1. A 28-week U.S. study enrolling 252 individuals with moderate to severe Alzheimer's disease and initial scores ranging from 3-14 on the Mini-Mental State Examination (MMSE). In this double-blind study, participants were randomly assigned to receive either 10 mg of Memantine/Namenda® twice a day or a placebo. Those receiving Memantine/Namenda® showed a small but statistically significant benefit in a test of the their ability to perform daily activities and on the Severe Impairment Battery, a test designed to measure cognition in profoundly incapacitated individuals. On the Clinician Interview-Based Impression of Change Plus Caregiver Input, a measure of overall function, Memantine/Namenda® recipients also showed a benefit that was significant in one analysis but not in another. In this study, when participants with MMSE scores of less than 10 were considered as a separate group, Memantine/Namenda® recipients showed no benefit compared to those who received placebo on either daily activities or overall function.
2. A 24-week U.S. study enrolling 404 individuals with moderate to severe Alzheimer's disease and initial MMSE scores from 5-14 who had been taking donepezil (Aricept®) for at least six months, with a stable dose for at least three months. In this double-blind study, participants were randomly assigned to receive either 10 mg of Memantine/Namenda® twice a day or a placebo in addition to their donepezil. Those receiving Memantine/Namenda® showed a statistically significant benefit in performing daily activities and on the Severe Impairment Battery, while participants taking donepezil plus placebo continued to decline.
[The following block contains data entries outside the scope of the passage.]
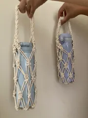 ペットボトルホルダー🧵 ずっと作りたかった、ペットボトルホルダーのWSに参加してきました💕水筒を手で持ち歩くことが多く、よく落とし、底がボコボコで不安定になってしまったこともありました😅これで解消されるかな⁉️かわいいボトルホルダーができて嬉しいです😊
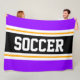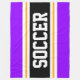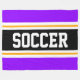Este diseño deportivo, atlético, presenta texto en negrita SOCCER dentro de una banda ancha negra realzada con doble franjas de carreras blancas y amarillas contra rayas exteriores violetas brillantes. El texto se puede personalizar.
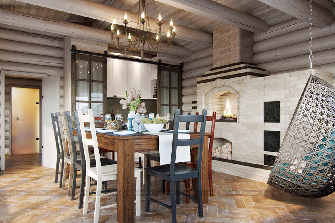 Очень часто чтобы создать уют и красоту не требуется много вложений. Стол и стулья из Икеа. Стулья покрыты морилкой разного цвета; красные – в цвет фасада, молочные – в цвет мореных стен, черные – в цвет отделки камина. Маленькая кухонька спряталась за раздвижными дверями. При желании ее можно скрыть, хотя даже при открытых дверях она не бросается в глаза.
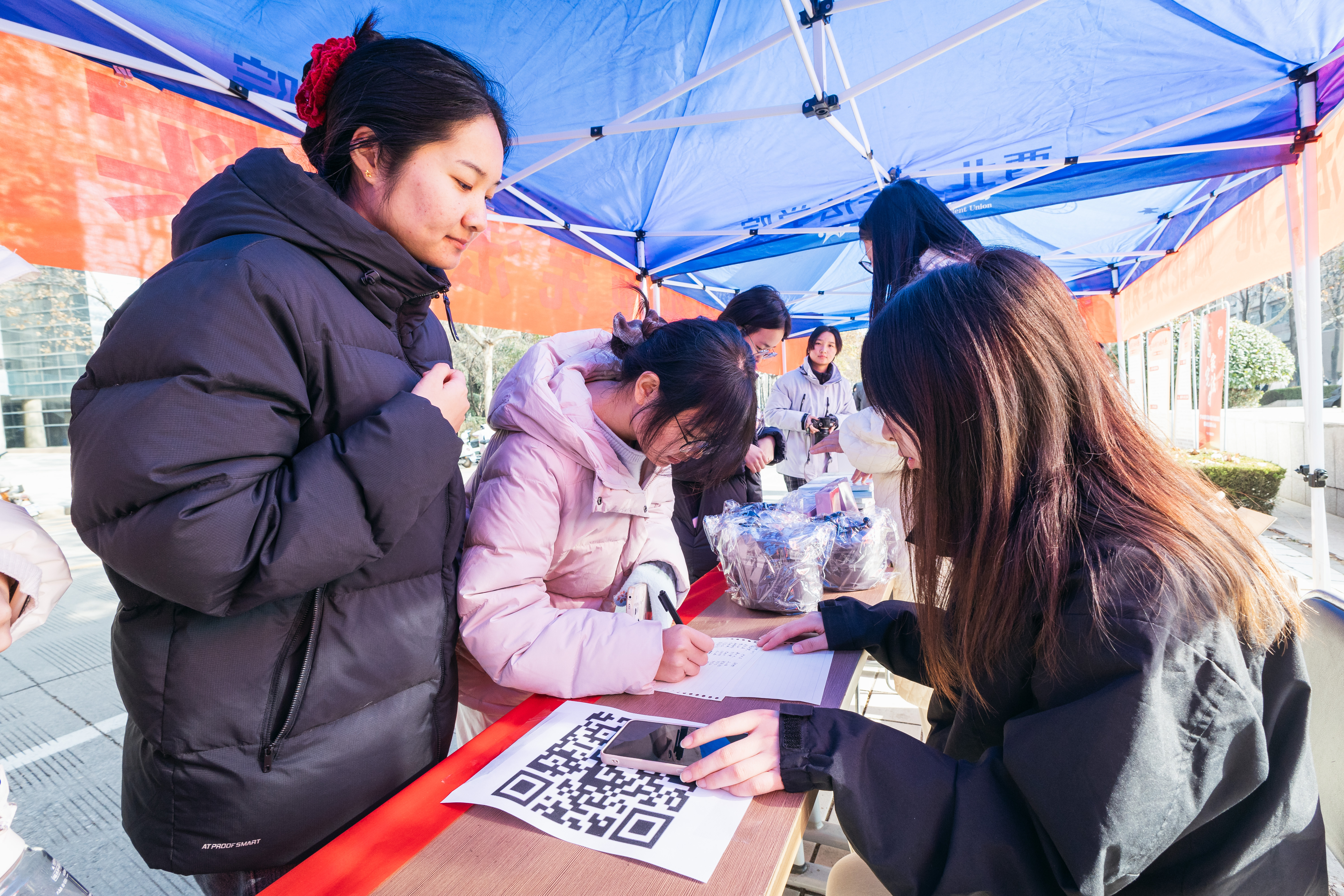 12月4日中午,学校在校内开展普法宣传外展活动。活动现场通过发放宪法知识手册、宪法知识问答、主题活动签名等方式鼓励师生积极学习宪法知识,营造尊法、学法、守法、用法的浓厚氛围。外展活动包含各种活泼生动的宪法知识小游戏,在潜移默化中传递依法治国理念。校长孙庆伟,校党委副书记赵作纽、张远军,副校长田明纲到场参加活动。
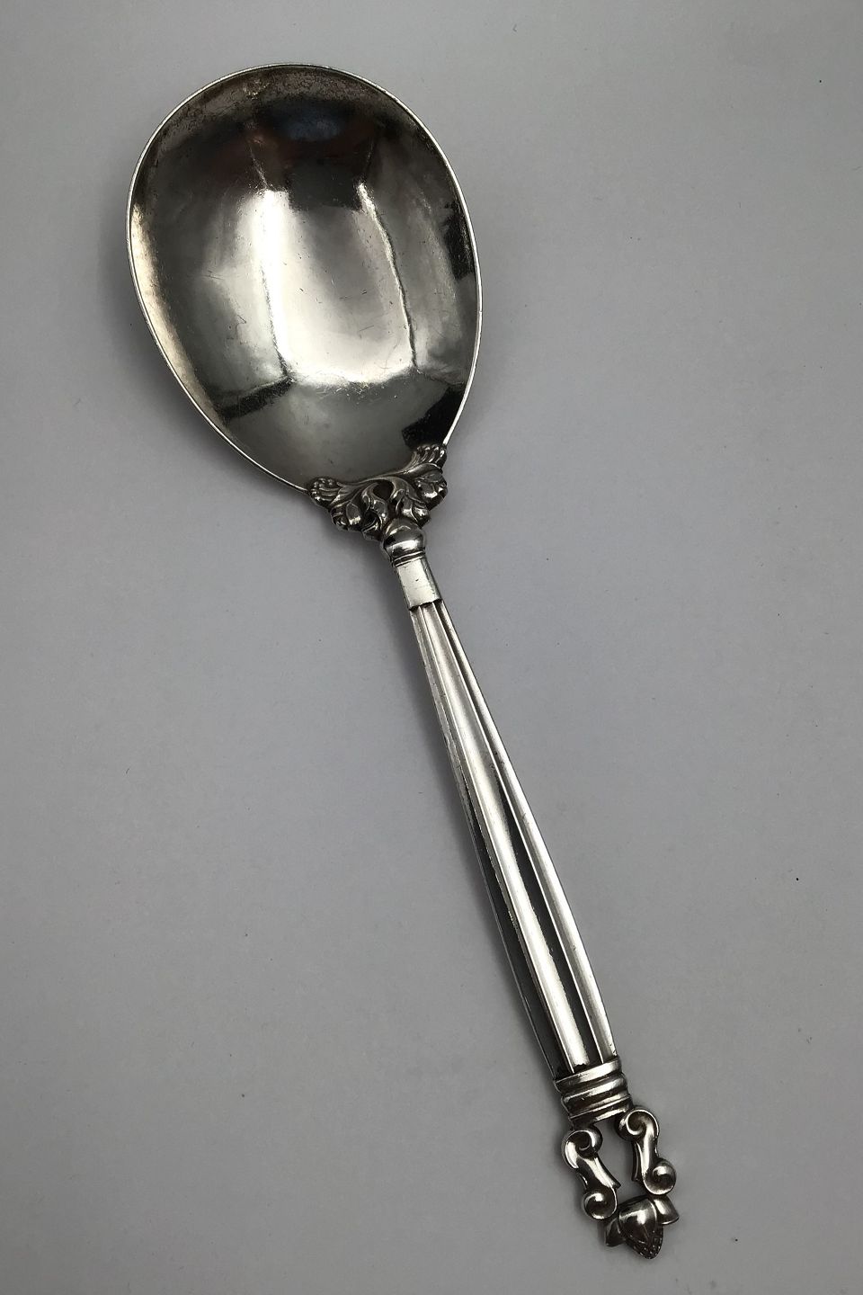 Georg Jensen Sterling Silver Medium Serving Spoon Acorn No 113. Measures 22.3 cm (8.77 inch)

Some advisory committee members considered Memantine/Namenda's® effect modest, similar in scope to the effect seen with cholinesterase inhibitors.

The advisory committee found problems with the design of a third submitted study, conducted in Latvia, because it enrolled individuals with vascular dementia as well as Alzheimer's disease. An additional issue was that although the data showed a positive effect for Memantine/Namenda® on reducing dependence on care, the study lacked an acceptable measure of effect on cognitive function. According to current FDA standards, drugs approved specifically to treat Alzheimer's disease must show a benefit on cognitive symptoms as well as on overall function, which confirms that the effect on cognition is clinically meaningful.

In June 2003, Forest reported preliminary results from another add-on therapy trial enrolling participants with mild to moderate Alzheimer's who were also taking any of three commonly prescribed cholinesterase inhibitors — donepezil (Aricept®), galantamine (Reminyl®), or rivastigmine (Exelon®). Data from this trial were not included in the new drug application seeking approval of Memantine/Namenda® for moderate to severe disease. According to the company, the data showed that participants receiving Memantine/Namenda® in combination with a cholinesterase inhibitor did not experience significantly greater benefit in cognition or overall function than those who received a cholinesterase inhibitor and a placebo. These preliminary results suggest that Memantine/Namenda® may not be as effective in individuals with mild to moderate Alzheimer's who are taking a cholinesterase inhibitor as it may in more severely ill individuals. This data has not yet been peer reviewed or presented in a professional forum.

According to a Forest official, the company expects to report data from two additional trials of Memantine/Namenda in mild to moderate Alzheimer's and another trial in treating moderate to severe disease by the end of 2003.

How is Memantine/Namenda® supplied and prescribed?
Memantine/Namenda® is supplied as an oral medication in 10 mg tablets. Forest Labs is providing prescribing information at www.namenda.com or by calling (877) 2-NAMENDA or (877) 262-6363.

Adverse effects occurring more commonly with Memantine/Namenda® than with placebo included headache, constipation, confusion, and dizziness.